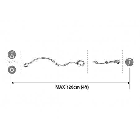 - Longueur maximale de la chaîne de résistance : 120 cm (sangle extensible TOOLEASH + interfaces TOOLINK)
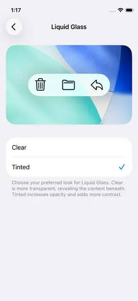 همانطور که در نسخهٔ بتای iOS 26.1 به تصویر کشیده شد، با این سوئیچ کاربران میتوانند بین دو گزینهٔ Liquid Glass جابهجا شوند. یکی طراحی شفاف فعلی است، در حالی که گزینهٔ دیگر ظاهری یخیتر دارد که شفافیت و کنتراست را افزایش میدهد.
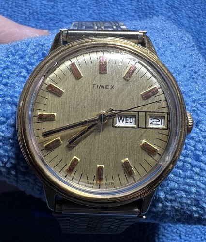 1976 timex , 2 tone bracelet, running but unsure of accuracy, seems to be keeping good time but may need service at some point. This vintage men's gold tone Timex mechanical day/date wristwatch from the 1970s features a classic round shape with a gold stainless steel case and bracelet band. The watch has a mechanical (manual) movement with a day/date feature and seconds hand, making it a practical and stylish accessory for casual everyday wear. With a 34.5mm case size and ivory dial color, this vintage Timex wristwatch is a timeless piece with a touch of nostalgia, perfect for watch enthusiasts looking for a unique addition to their collection.
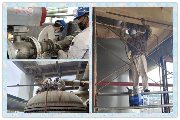 夏日炎炎,維修人員在高溫下對(duì)設(shè)備進(jìn)行檢修,不怕苦不怕累,裝置及時(shí)提供飲用水,防止人員在檢修的過程中發(fā)生中暑,同時(shí)及時(shí)的完成工作任務(wù),保障生產(chǎn)運(yùn)行正常。在檢修中,堅(jiān)持安全第一,揮灑汗水,關(guān)鍵時(shí)刻義無反顧,挺身而出,困難面前,毫無退卻,只為檢修工作安全。
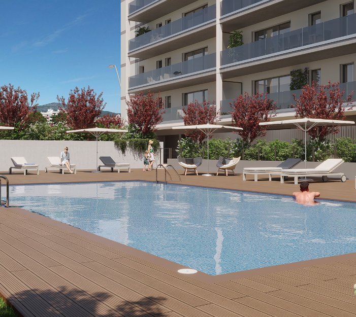 Discover Patmos, a new construction development located in Illa Nova, Vilanova i la Geltrú consisting of 71 homes with 2, 3 and 4 bedrooms in Barri del Mar, a few minutes from the beach and the port. It has a swimming pool for adults and children, parking for bicycles and a children's area.
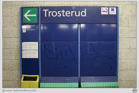 Trosterud T-banestasjon er den andre stasjonen på linjene 1 og 2 østover som går i tunnel. Den er bygget inn under en drabantby i tunnelmunning. Etter samme mønster som Stovner. Over stasjonen finnes det et mindre nærsenter.
══════════
Once the pictures are set aside, output the whole listing exactly.

:: Output of the exercise ::
 - Longueur maximale de la chaîne de résistance : 120 cm (sangle extensible TOOLEASH + interfaces TOOLINK)
 همانطور که در نسخهٔ بتای iOS 26.1 به تصویر کشیده شد، با این سوئیچ کاربران میتوانند بین دو گزینهٔ Liquid Glass جابهجا شوند. یکی طراحی شفاف فعلی است، در حالی که گزینهٔ دیگر ظاهری یخیتر دارد که شفافیت و کنتراست را افزایش میدهد.
 1976 timex , 2 tone bracelet, running but unsure of accuracy, seems to be keeping good time but may need service at some point. This vintage men's gold tone Timex mechanical day/date wristwatch from the 1970s features a classic round shape with a gold stainless steel case and bracelet band. The watch has a mechanical (manual) movement with a day/date feature and seconds hand, making it a practical and stylish accessory for casual everyday wear. With a 34.5mm case size and ivory dial color, this vintage Timex wristwatch is a timeless piece with a touch of nostalgia, perfect for watch enthusiasts looking for a unique addition to their collection.
 夏日炎炎,維修人員在高溫下對(duì)設(shè)備進(jìn)行檢修,不怕苦不怕累,裝置及時(shí)提供飲用水,防止人員在檢修的過程中發(fā)生中暑,同時(shí)及時(shí)的完成工作任務(wù),保障生產(chǎn)運(yùn)行正常。在檢修中,堅(jiān)持安全第一,揮灑汗水,關(guān)鍵時(shí)刻義無反顧,挺身而出,困難面前,毫無退卻,只為檢修工作安全。
 Discover Patmos, a new construction development located in Illa Nova, Vilanova i la Geltrú consisting of 71 homes with 2, 3 and 4 bedrooms in Barri del Mar, a few minutes from the beach and the port. It has a swimming pool for adults and children, parking for bicycles and a children's area.
 Trosterud T-banestasjon er den andre stasjonen på linjene 1 og 2 østover som går i tunnel. Den er bygget inn under en drabantby i tunnelmunning. Etter samme mønster som Stovner. Over stasjonen finnes det et mindre nærsenter.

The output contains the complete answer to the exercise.